Exercise.
Starting at the line with "In the showroom, you" and going on through the line with "Matte White Shade", reproduce each line in the records below exactly and nothing more.

Data section.

++++++++++++++++++++

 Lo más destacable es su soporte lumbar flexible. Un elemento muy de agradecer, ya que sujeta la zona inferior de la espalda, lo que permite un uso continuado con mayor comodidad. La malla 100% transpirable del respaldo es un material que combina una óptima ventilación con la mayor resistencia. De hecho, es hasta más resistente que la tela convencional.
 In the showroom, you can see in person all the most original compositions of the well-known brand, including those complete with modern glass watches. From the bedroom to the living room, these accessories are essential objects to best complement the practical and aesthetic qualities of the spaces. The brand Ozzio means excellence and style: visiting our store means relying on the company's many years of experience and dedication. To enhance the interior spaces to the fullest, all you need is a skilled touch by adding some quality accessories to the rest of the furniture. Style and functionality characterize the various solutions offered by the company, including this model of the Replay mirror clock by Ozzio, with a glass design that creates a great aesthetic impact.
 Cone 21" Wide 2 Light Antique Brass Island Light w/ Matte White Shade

++++++++++++++++++++

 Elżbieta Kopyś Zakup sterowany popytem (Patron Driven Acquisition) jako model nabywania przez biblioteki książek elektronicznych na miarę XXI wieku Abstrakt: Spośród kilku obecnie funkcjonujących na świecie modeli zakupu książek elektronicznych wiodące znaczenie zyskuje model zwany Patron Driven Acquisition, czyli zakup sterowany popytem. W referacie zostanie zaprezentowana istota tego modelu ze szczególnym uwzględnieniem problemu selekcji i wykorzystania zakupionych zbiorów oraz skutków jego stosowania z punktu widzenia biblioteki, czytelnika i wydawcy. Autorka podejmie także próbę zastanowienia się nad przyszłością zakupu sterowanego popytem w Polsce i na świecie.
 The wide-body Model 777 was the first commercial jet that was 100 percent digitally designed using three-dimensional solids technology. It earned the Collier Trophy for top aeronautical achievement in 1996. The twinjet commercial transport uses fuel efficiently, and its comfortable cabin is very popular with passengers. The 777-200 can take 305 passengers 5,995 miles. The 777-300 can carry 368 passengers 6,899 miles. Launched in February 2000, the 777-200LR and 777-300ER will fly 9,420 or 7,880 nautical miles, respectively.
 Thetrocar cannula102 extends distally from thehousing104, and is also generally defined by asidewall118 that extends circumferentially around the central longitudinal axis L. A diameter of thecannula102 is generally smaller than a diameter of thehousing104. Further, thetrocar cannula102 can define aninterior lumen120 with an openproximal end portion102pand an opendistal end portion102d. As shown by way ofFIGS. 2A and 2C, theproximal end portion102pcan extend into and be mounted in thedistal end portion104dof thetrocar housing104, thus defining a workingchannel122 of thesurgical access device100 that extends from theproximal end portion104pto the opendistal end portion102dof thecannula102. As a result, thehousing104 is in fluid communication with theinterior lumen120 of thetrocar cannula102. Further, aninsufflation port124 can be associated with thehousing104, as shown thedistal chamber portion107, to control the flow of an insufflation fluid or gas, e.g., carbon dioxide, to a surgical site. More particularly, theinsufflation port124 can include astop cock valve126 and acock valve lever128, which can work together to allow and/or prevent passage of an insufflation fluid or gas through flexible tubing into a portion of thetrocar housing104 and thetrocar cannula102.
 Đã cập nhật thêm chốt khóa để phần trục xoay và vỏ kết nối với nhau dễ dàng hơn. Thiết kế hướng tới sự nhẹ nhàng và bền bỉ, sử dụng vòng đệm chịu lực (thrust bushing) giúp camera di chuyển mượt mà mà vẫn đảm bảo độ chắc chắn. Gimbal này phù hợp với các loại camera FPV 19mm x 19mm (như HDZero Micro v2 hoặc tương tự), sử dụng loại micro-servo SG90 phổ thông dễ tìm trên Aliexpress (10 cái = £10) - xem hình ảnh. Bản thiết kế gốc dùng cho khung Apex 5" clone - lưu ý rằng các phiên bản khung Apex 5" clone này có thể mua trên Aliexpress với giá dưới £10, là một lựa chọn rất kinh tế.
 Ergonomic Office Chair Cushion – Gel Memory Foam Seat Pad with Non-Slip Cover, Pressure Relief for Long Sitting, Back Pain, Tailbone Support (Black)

++++++++++++++++++++

Solution below.
 In the showroom, you can see in person all the most original compositions of the well-known brand, including those complete with modern glass watches. From the bedroom to the living room, these accessories are essential objects to best complement the practical and aesthetic qualities of the spaces. The brand Ozzio means excellence and style: visiting our store means relying on the company's many years of experience and dedication. To enhance the interior spaces to the fullest, all you need is a skilled touch by adding some quality accessories to the rest of the furniture. Style and functionality characterize the various solutions offered by the company, including this model of the Replay mirror clock by Ozzio, with a glass design that creates a great aesthetic impact.
 Cone 21" Wide 2 Light Antique Brass Island Light w/ Matte White Shade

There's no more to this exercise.